3/20/2012 - Geffken Leaves Lasting Legacy
Fred Geffken faced a pretty tough dilemma.
The then-Sparta policeman and former Marine (there is no such thing as an ex-Marine) had experience in making tough choices due to his profession, but this one was a dandy.
You see, Geffken had applied for the varsity girls basketball head coaching positions at Sparta and Pope John and two Sussex County sports legends wanted him for the job.
The late, great Dick Cassels of Sparta and the Vic Paternostro, the legend at Pope John High School who recently passed away, each wanted Geffken to take over respective girls basketball teams for the 1979-1980 season.
“As you know, those two were great coaches and men and it was an honor to have both of them wanting me to coach,” Geffken told me. “I was just about to call Vic, who I liked very much, that I would take the job, but Dick Cassels called me and I couldn’t turn down the chance to coach at Sparta.
“But I was just a phone call away from taking the job at Pope John, isn’t that something?” Geffken added.
It certainly is and makes you think how the landscape of girls basketball would have been if Geffken had decided to lead the Lions.
Fortunately, for the Spartans he didn’t and the man who would eventually become Chief of the Sparta Police set a standard, that I feel, will never be equaled in Sussex County basketball, boys or girls.
As most of you know Geffken decided to hang up his whistle after this past season (6-17), his worst in 33 seasons, to enjoy the retired life, but not after a lot of soul searching.
But after discussing it with his family he decided to call it quits after a magnificent run that will never be matched. The Hall-of-Famer finished his career with an astounding 693-168 record, with 55 of those losses coming in his final five seasons.
He guided the Spartans to state titles in 1985, 1990 and 2001 as well as 12 section crowns, including an amazing five in a row in the mid-1990s, 19 Sussex County Interscholastic League titles, 14 SCIL Festival crowns with 26 straight appearances in the championship game.
Pretty, impressive, right?
Well, there is more. He has sent 27 players onto the Division I level, including seven from his 1985 squad, and has had 17, 1,000-point scorers.
But I will go all cliché on you now and say numbers can’t describe what Geffken meant to his players and the sport, which he put on the map in Sussex County.
Prior to Geffken, Gretta Sencevicky built Franklin and then Wallkill Valley into county and region powers, but Geffken took the baton and brought the sport to levels no one could have ever imagined in Sussex County.
Remember, Title IX was still very new when Geffken took over in 1980 and after his daughter Barb convinced him to coach, the former youth boys basketball coach and founder of the Sparta PAL changed the way people looked at girls basketball.
The Spartans’ run to the state championship in 1985 energized a town that was all about football. Who were these girls and how did they become such good players?

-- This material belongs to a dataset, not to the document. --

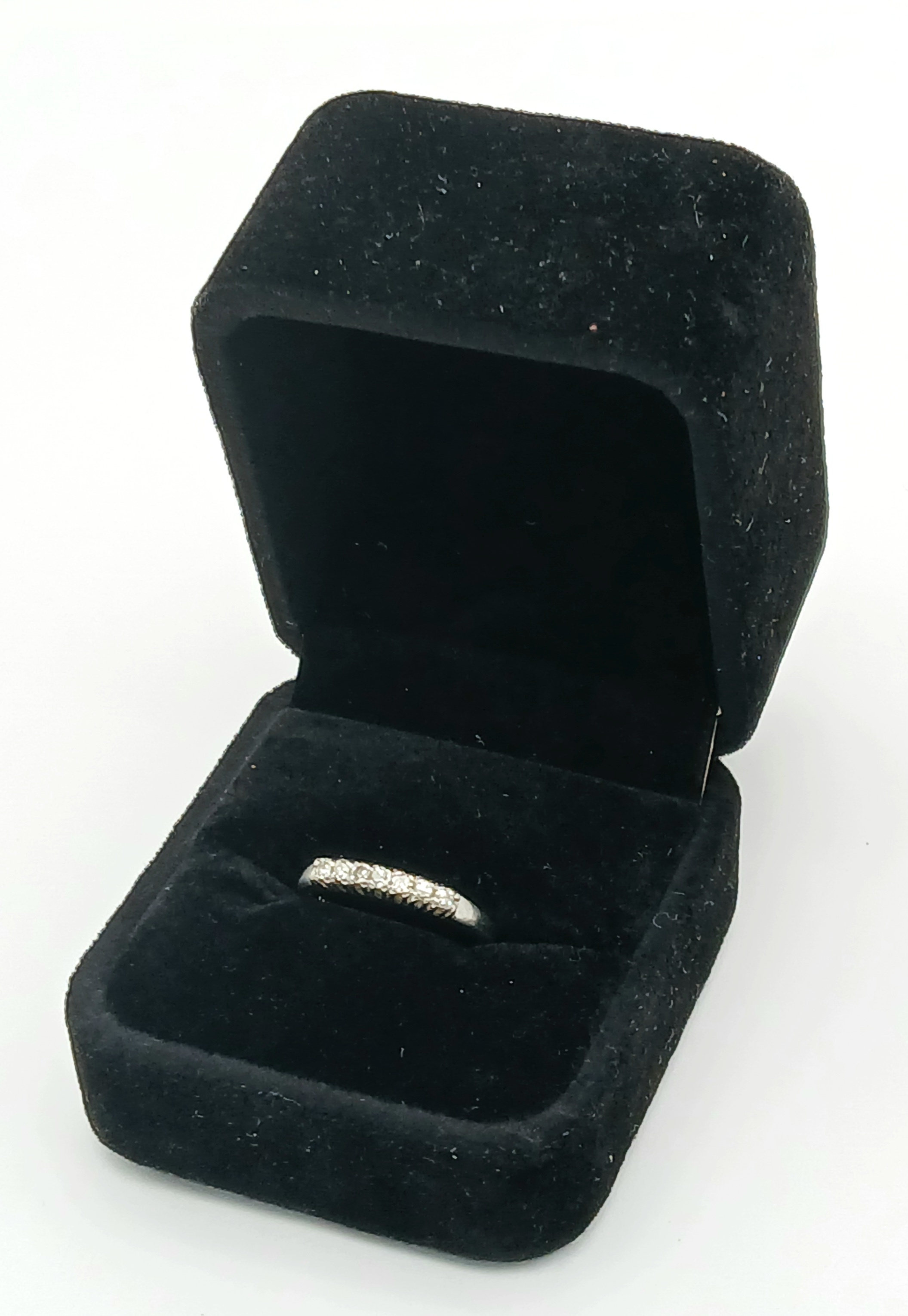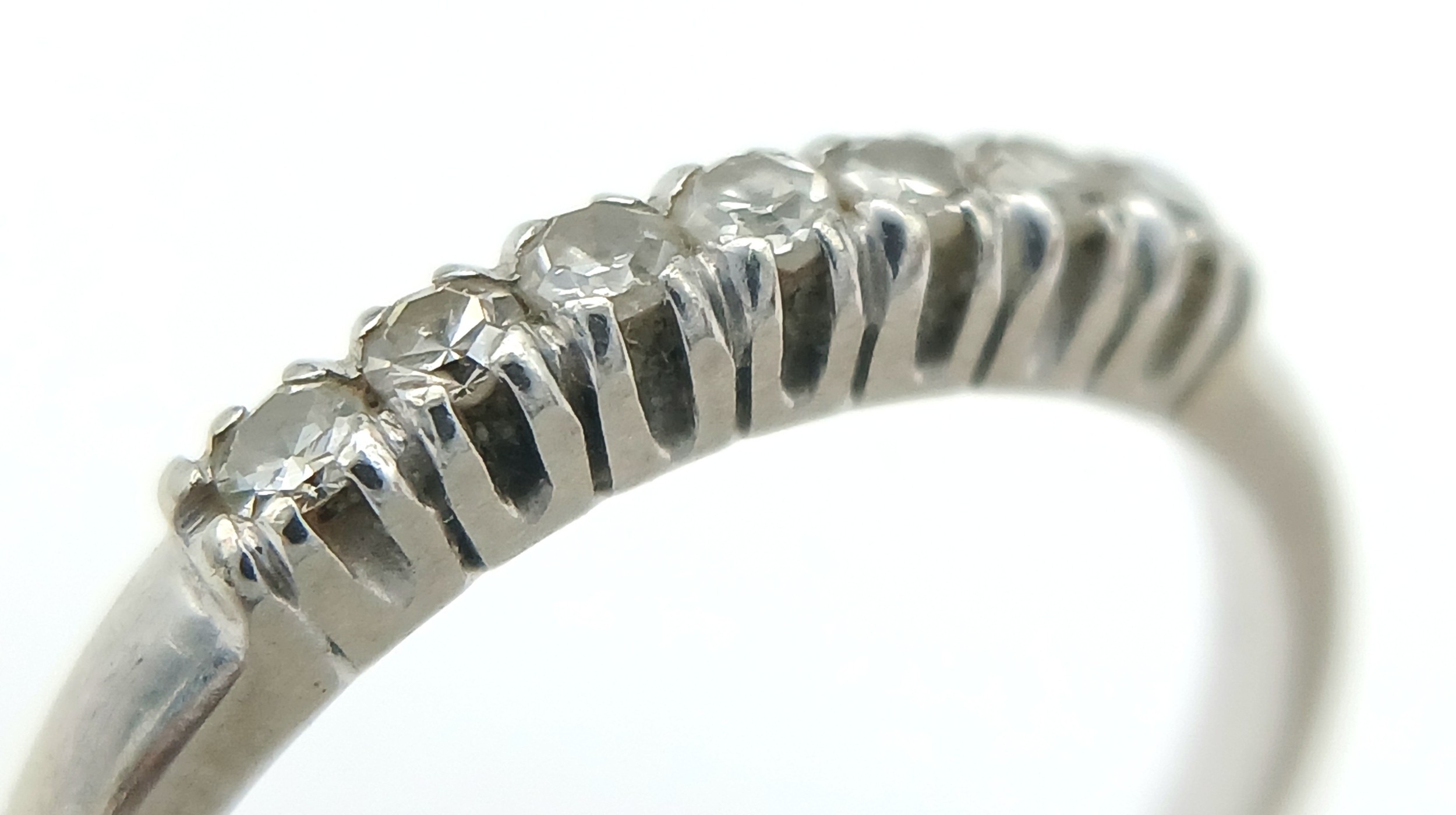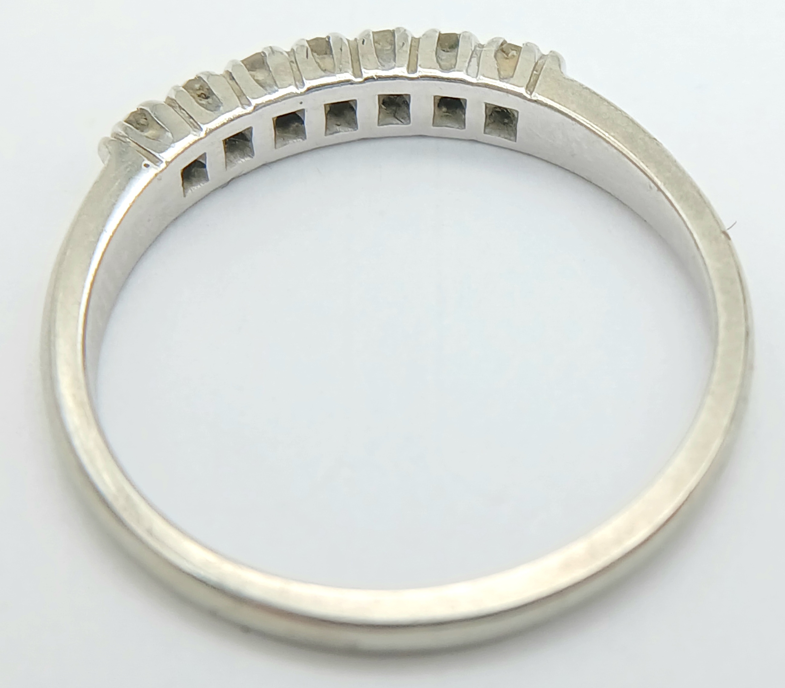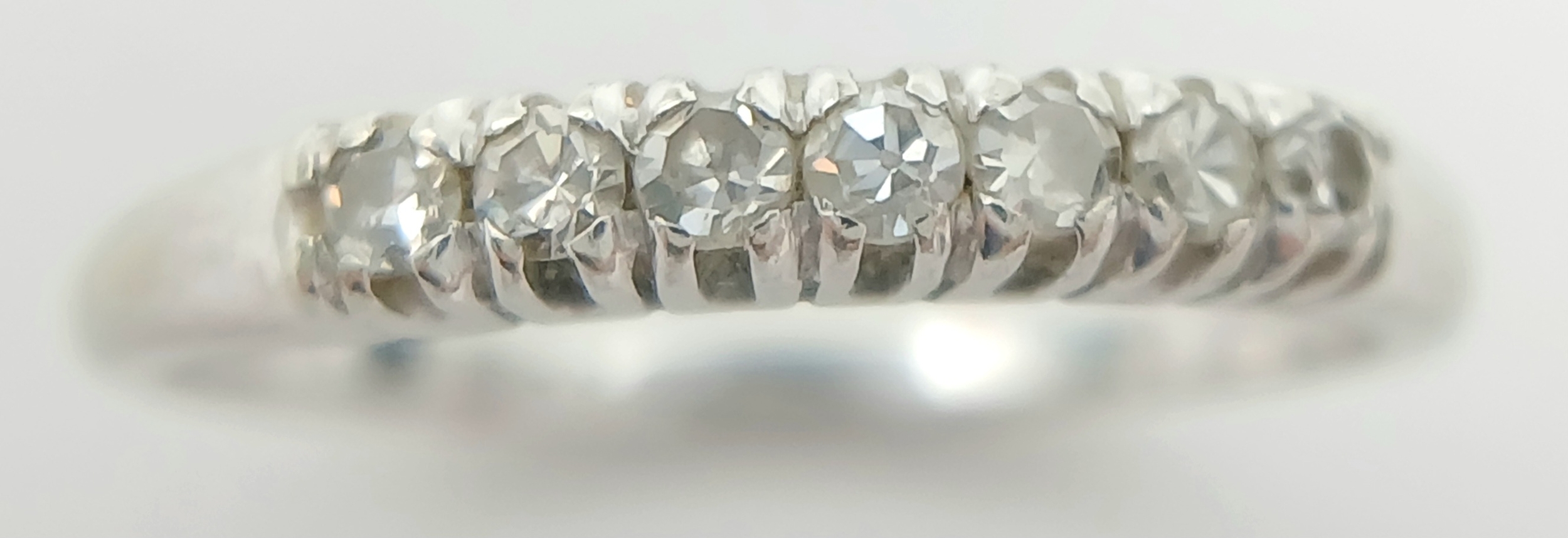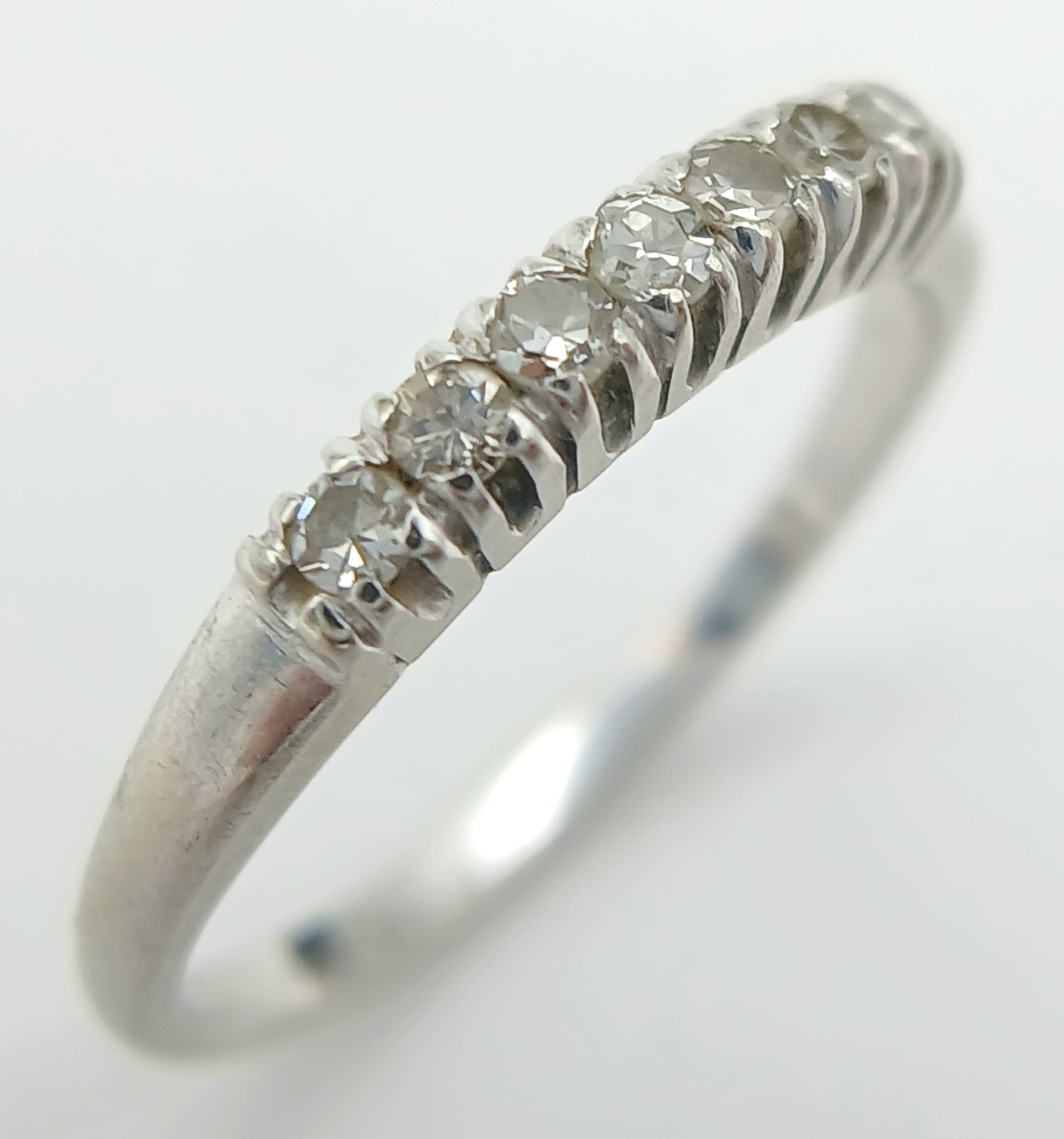 14 Carat White Gold Seven Diamond Ring Size M. The Ring is set with Seven 1.5mm Round Cut Diamonds. Gross Weight 1.94 Grams. Comes in presentation box.

Well, you thank Geffken for that. He dedicated all of his free time to making the girls program the first-class program it is today. He worked with the youth of the township and helped build a feeder program that was second to none.
I remember people used to half-jokingly ask me if there was something in the water in Sparta that produced so many talented basketball players that were all tall, to boot.
That would be an easy explanation, but the truth was that Geffken helped mold the great players who also put into a tremendous amount of time and effort into becoming elite basketball players.
Plus the whole community bought into Geffken’s program and every year when I was working for the local paper I would talk to Fred for the preview and he would say to me, “Buddy, wait until see this freshman.”
It was like for more years than I can remember.
Geffken, despite the great success, always won with class. There would other coaches and fans who felt he ran up the scores sometimes, but the numbers dispute that.
Geffken would empty his bench in the third quarter on most nights, it was not his fault the other team couldn’t stop the Spartans second and third-teamers. There were numerous times the Spartans could have put a 100-spot on the board, but Geffken refused to let his team do it.
In fact, Geffken crunched Lisa Olsen’s numbers and the minutes she played, and Olsen who went onto a fine career at Manhattan and finished with 1,952 points, would have smashed the 2,000-point milestone if he didn’t sit her.
Geffken is a gentleman’s gentleman and is all class on and off the court. His practice of sending personal notes to 1,000-point scorers from other schools is strictly old-school and a thing of the past.
Geffken is the type of man and coach you would want your children to play for and by the attendance at the Lady Spartan Alumni Game the last two years his former players still love him until this day, traveling wide and far to pay tribute to Geffken.
Geffken, a great family man, treated his players like he would his own. That special family bond is illustrated by all the families that have played for him from his own daughter, to the Reigstad sisters, the Chaplins, Prols, Dilworths, Keils, Jents and Ryngalas, and the list goes on.
And on a personal level, Geffken has been great to me on and off the court and is someone I truly admire as man not just a coach.
So, farewell, buddy, enjoy your time in Florida and let it be known you will truly be missed by the people who know and respect what you have done for the game of basketball.
That’s it for now, see you on the sidelines.